The Economic Survey is tabled in Parliament one day before the Union Budget. Economic Survey for 2014-15 was tabled in parliament today, one day before the Union Budget 2015-16 that is to be presented to the parliament by the Finance Minister on the 28th of February.

This year’s Economic Survey has two parts, one giving the outlook for the economy for fiscal year 2015-16 and one analysing the performance of the economy for fiscal year 2014-15.

India’s economy has performed well in 2014-15 with GDP growth at 7.4% up from 6.9% seen in 2012-13 (revised numbers with change in base year from 2004-05 to 2011-12). The survey does question the sharp discrepancy in GDP growth numbers for fiscal 2013-14 with growth at 5.1% as per old base year and 6.9% as per new base year. However, given that the base year stands revised, the survey estimates growth for 2015-16 at levels of 8.1% to 8.5% from 2014-15 levels of 7.4%.

CPI inflation has trended down from 8.4% to 5% while core CPI (non food, non fuel) has trended down from 8.1% to 5.7%. CPI is estimated at 5% to 5.5% for 2015-16. GDP deflator is estimated at levels of 2.8% to 3.5%.

On the external front, Current Account deficit (CAD) is estimated at below 1% of GDP for 2015-16 against 1.3% of GDP for 2014-15. The survey raises concern on India’s export competitiveness give export growth at low single digit levels for 2014-15 and even questions RBI’s stance of intervention to buy USD to boost fx reserves.

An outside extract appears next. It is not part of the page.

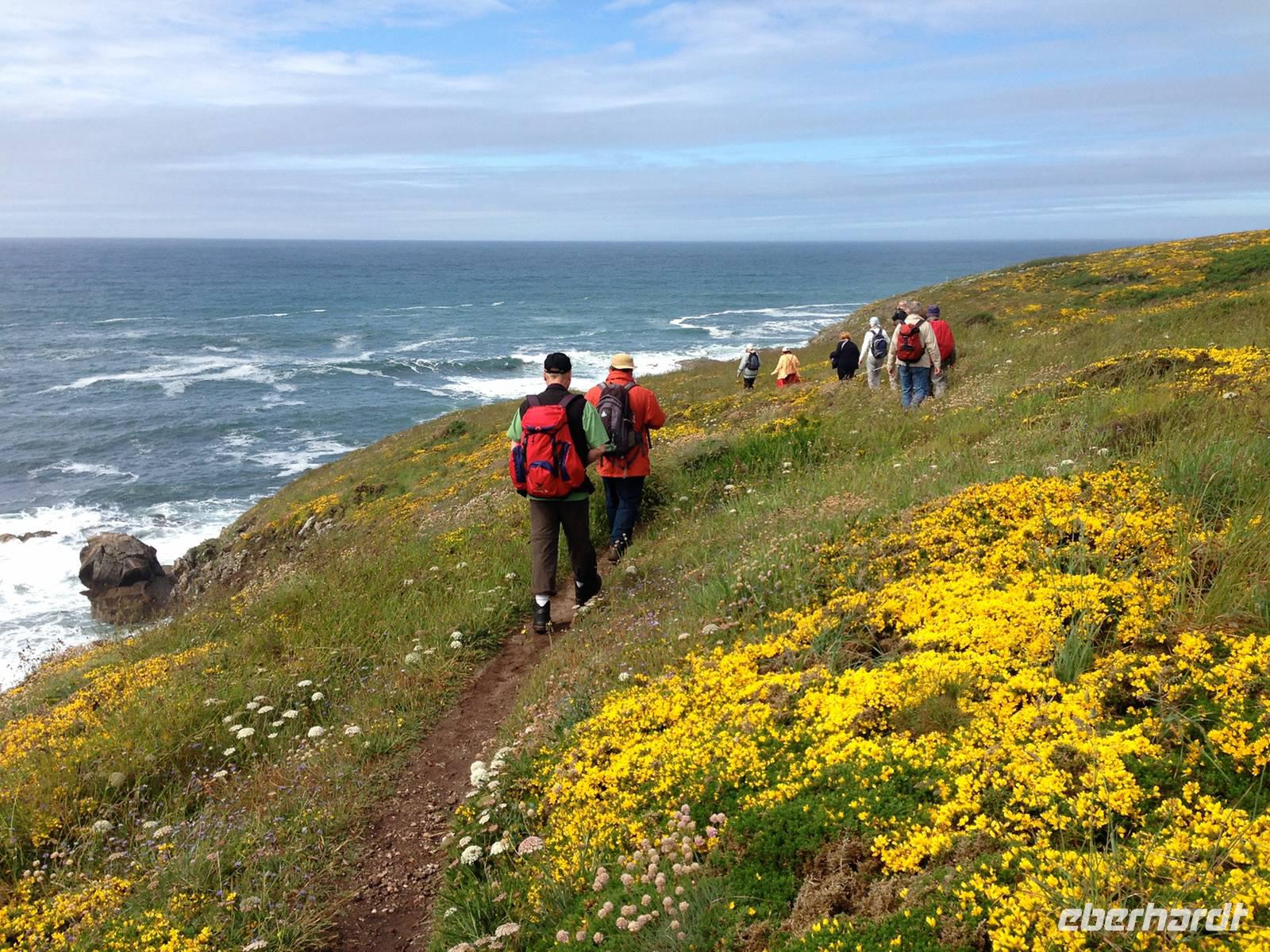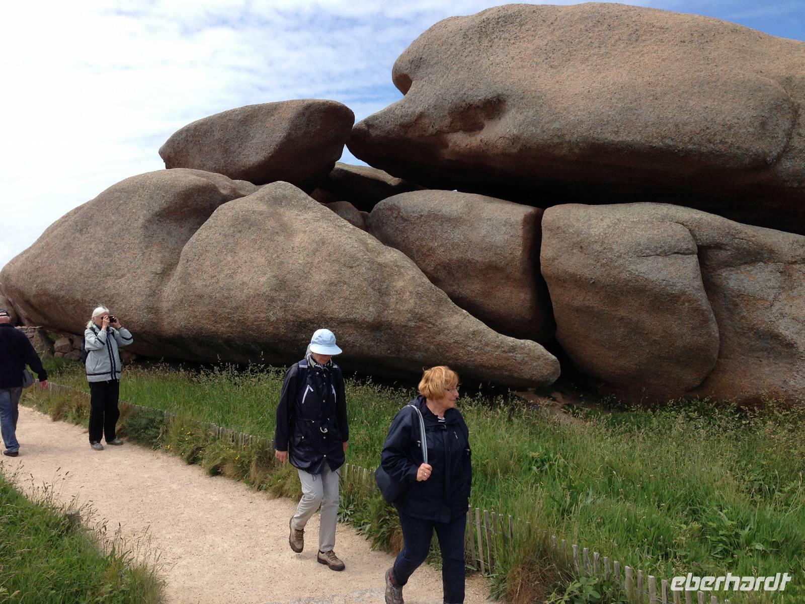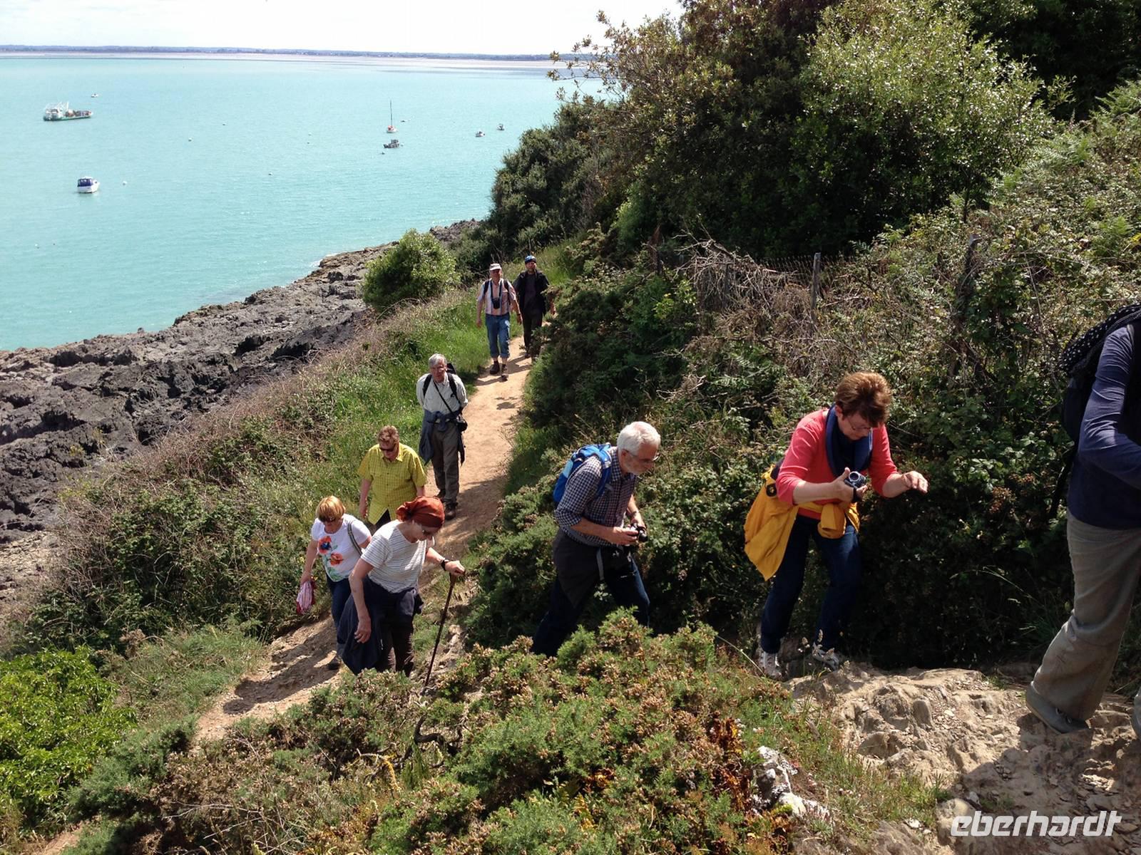 Mittlerweile zeigt uns sich die Bretagne von ihrer sonnigen Seite und auf der anschließenden Wanderung kommen wir schon etwas ins Schwitzen. Vor allem die Reiseleiterin auf der Suche nach drei verlorenen Schäfchen, die trotz längeren Wartens nicht zur Gruppe aufschließen. Wo der heimliche Überholprozess stattgefunden hat ist noch zu klären - denn lange vor der restlichen Gruppe waren die „Überholer" am Bus angelangt ... kein Wunder, hatten sie sich doch die ganze Zeit beeilt um die vermeintlich vor ihnen Gehenden einzuholen!

Fiscal deficit is placed at 4.1% of GDP for 2014-15. However, the survey suggests adopting a medium term target for fiscal deficit at 3% of GDP. The government has embraced a FRBM (Fiscal Responsibility and Budget Management) Act target of fiscal deficit of 3.6% of GDP in 2015-16 and 3% of GDP in 2016-17. The survey suggests wiping out revenue deficit from current levels of 2.9% of GDP and fiscal deficit should only be incurred for capital outlays.

The survey’s has raised a few challenges to adopt a fiscal deficit target of 3.6% for 2015-16. The Fourteenth Finance Commission’s recommendation of higher devolution of taxes to states, government compensating states to the tune of Rs 250 billion as Central Sales Tax (CST) back log and need for increased public investment to revive private investment and growth.

The survey believes RBI will ease policy rates given falling inflation expectations and improved fiscal and current account deficit ratios. RBI would have problem of plenty with surging capital flows. The survey also talks about taking up fx reserves to levels of USD 750 billion to USD 1 trillion from current levels of USD 340 billion by generating current account surplus.

The survey calls for reduction of banks SLR from current levels of 21.5% of NDTL even if it means pressure on bond yields in the short term. The survey believes that once this period of high bond maturities (over 20% of overall government bonds mature in the next five years) are over, the pressure for banks to finance government borrowing will fall leading to normalization in demand and supply of government bonds.